> _Information shown_
※ ※ ※

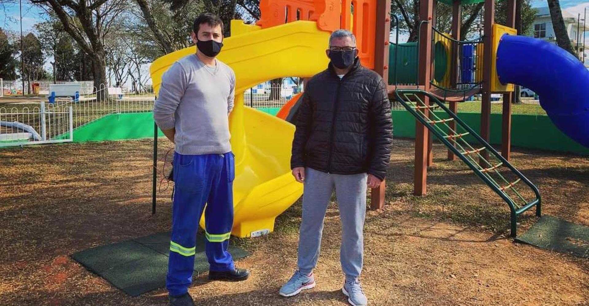 Na manhã desta quinta-feira (5), o secretário de Serviços Urbanos, Luiz Carlos da Silva Brum, juntamente com o encarregado das instalações, Jonas da Rosa Vaz, estiveram averiguando as dependências do parquinho na praça central.
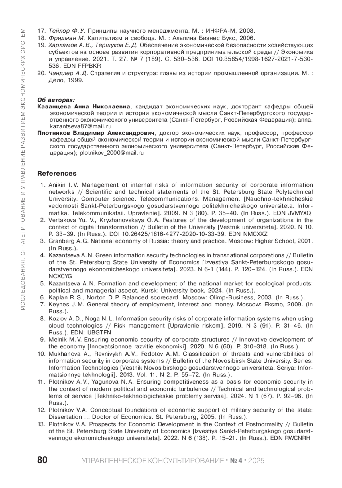 19. Харламов А.В., Тершуков Е. Д. Обеспечение экономической безопасности хозяйствующих субъектов на основе развития корпоративной предпринимательской среды // Экономика и управление. 2021. Т. 27. № 7 (189). С. 530-536. https://doi.org/10.35854/1998-1627-2021-7-530-536. EDN FFPBKR
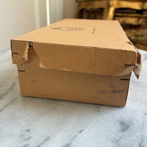 Box is not typical Shiny Brite. Box is actually stamped "Germany" on one side. I suspect someone put these lovely ornaments into this box and hand-decorated the box with the drawing on the lid and the written labels on each of the long sides.
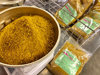 下段の写真は、本日使用した、米粉のカレールウです。見た目や味は小麦粉のルウと違いがありませんでした。

※ ※ ※

> _What is needed_
Return exactly the lines of the data, beginning with the first and ending with the line containing "19. Харламов А.В., Тершуков". Skip the pictures.

> _Answer space_
 Na manhã desta quinta-feira (5), o secretário de Serviços Urbanos, Luiz Carlos da Silva Brum, juntamente com o encarregado das instalações, Jonas da Rosa Vaz, estiveram averiguando as dependências do parquinho na praça central.
 19. Харламов А.В., Тершуков Е. Д. Обеспечение экономической безопасности хозяйствующих субъектов на основе развития корпоративной предпринимательской среды // Экономика и управление. 2021. Т. 27. № 7 (189). С. 530-536. https://doi.org/10.35854/1998-1627-2021-7-530-536. EDN FFPBKR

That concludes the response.